Кожаный следователь со сцены исчез, наверное, поднялся в квартиру. Петровского тоже уже подобрали. Перенесли в карету «скорой помощи», а смывать его мозги со снега — работа не для милиции. Этим займется очередная оттепель. Или никто. У нас ничего никому не нужно.
— Дверь ломали, — рассказывает Жанне Стас приглушенным голосом, чтобы не слышала Алла Семеновна. — Он был один. Надька с детьми, как обычно, на море. Проводил их вчера, потом заперся в квартире. В офисе его ни вчера вечером, ни сегодня не видели. Сидел, то ли бухал, то ли просто, а потом открыл зачем-то окно и упал.
— Не упал, а шагнул, — вставляю я.
Стас бросает на меня недобрый взгляд и продолжает:
— Представить себе не могу, просто в голове не укладывается. На пике мужик ушел, просто на пике! Жена нормальная , — (я ловлю на себе еще один укоризненный взгляд), — дети здоровые, бизнес в полном порядке, да какое там в порядке, — полный успех, во всем!
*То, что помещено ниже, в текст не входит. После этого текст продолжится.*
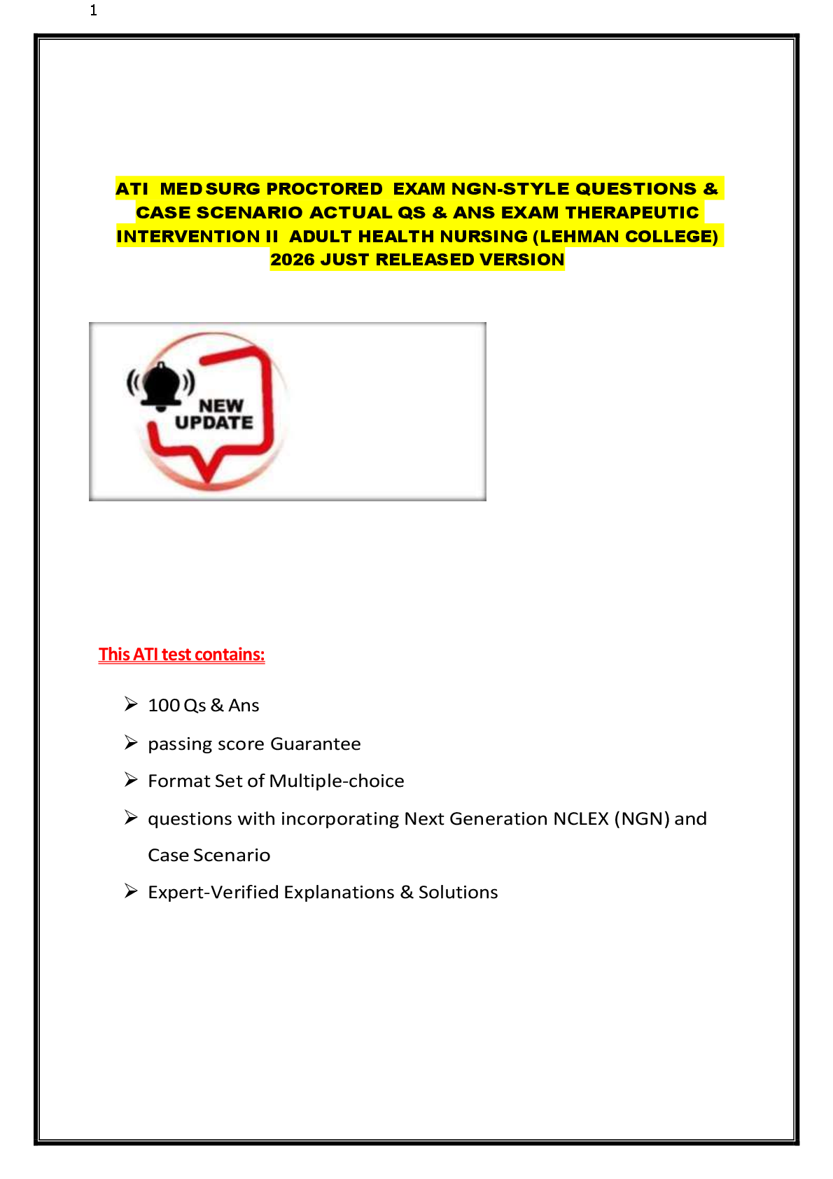 ATI Med Surg > MED-SURG EXAM > ATI MED SURG PROCTORED EXAM NGN-STYLE QUESTIONS & CASE SCENARIO ACTUAL QS & ANS EXAM THERAPEUTIC INTERVENTION II ADULT HEALTH NURSING (LEHMAN COLLEGE) 2026 JUST RELEASED VERSION

У всех кризис, а у Петровского акции только растут. Дом в Испании, дом в Швейцарии, яхта как у Абрамовича, и сердце пашет, и хрен стоит!.. И надо же такое, такая глупая смерть, выпасть из окна собственной квартиры! На кой черт он его вообще зимой открыл? Воздуха не хватало?
Поймав детей и кое-как позапихав их обратно в машину, к нам подплывает Ляля. Шуба нараспашку, красная ангоровая грудь вперед, в руках бутылка и стаканчики.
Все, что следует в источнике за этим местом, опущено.